ABOUT THIS TASK — Make an exact copy of the lines from the one containing "7、在转换结束后,界面中的转" through the end of the material, including both ends but no pictures.

DATASET SECTION —
[Start of Attachment]
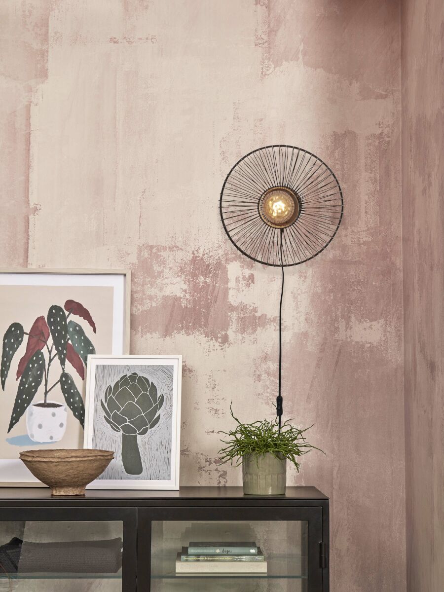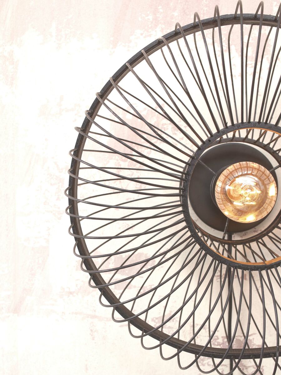 Zwarte bamboe wandlamp in oosterse stijl, geschikt voor eetkamer, hal, slaapkamer of woonkamer. Voorzien van een grote E27 fitting en stofdicht (IP20). Deze lamp voegt een exotische en sfeervolle touch toe aan je interieur, perfect voor een unieke en stijlvolle ambiance.
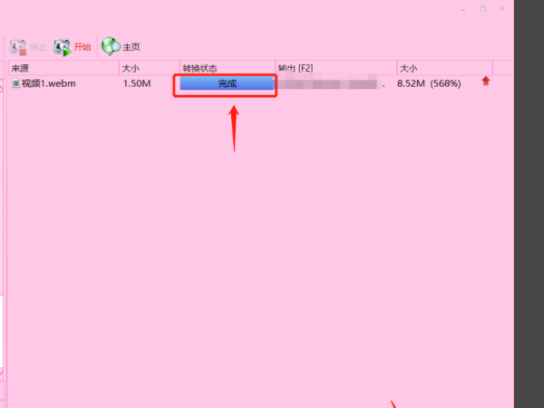 7、在转换结束后,界面中的转换状态显示完成,同时在软件的右下角弹出完成浮框。此时视频转换已经完成。
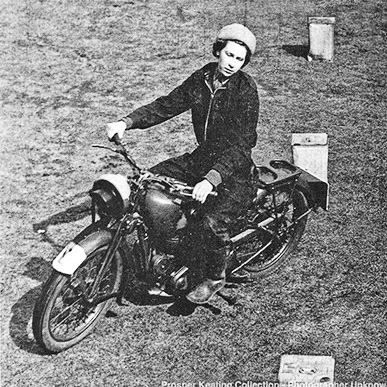 HRH is indeed a Motolady of the past: more than sixty years ago during the Blitz she was giving hands-on support to the ladies in the ATS Auxiliary Training Service. As part of her training, along with engine servicing, tire changing, she also learned to weave adroitly on a wartime spec BSA C10 250cc. Look at the lass go!
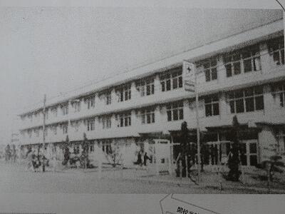 開校当時の学校の様子です。校舎の前は校庭に見えますが、街路樹や歩道等整備される前の道路です。
[End of Attachment]
ANSWER SPACE —
 7、在转换结束后,界面中的转换状态显示完成,同时在软件的右下角弹出完成浮框。此时视频转换已经完成。
 HRH is indeed a Motolady of the past: more than sixty years ago during the Blitz she was giving hands-on support to the ladies in the ATS Auxiliary Training Service. As part of her training, along with engine servicing, tire changing, she also learned to weave adroitly on a wartime spec BSA C10 250cc. Look at the lass go!
 開校当時の学校の様子です。校舎の前は校庭に見えますが、街路樹や歩道等整備される前の道路です。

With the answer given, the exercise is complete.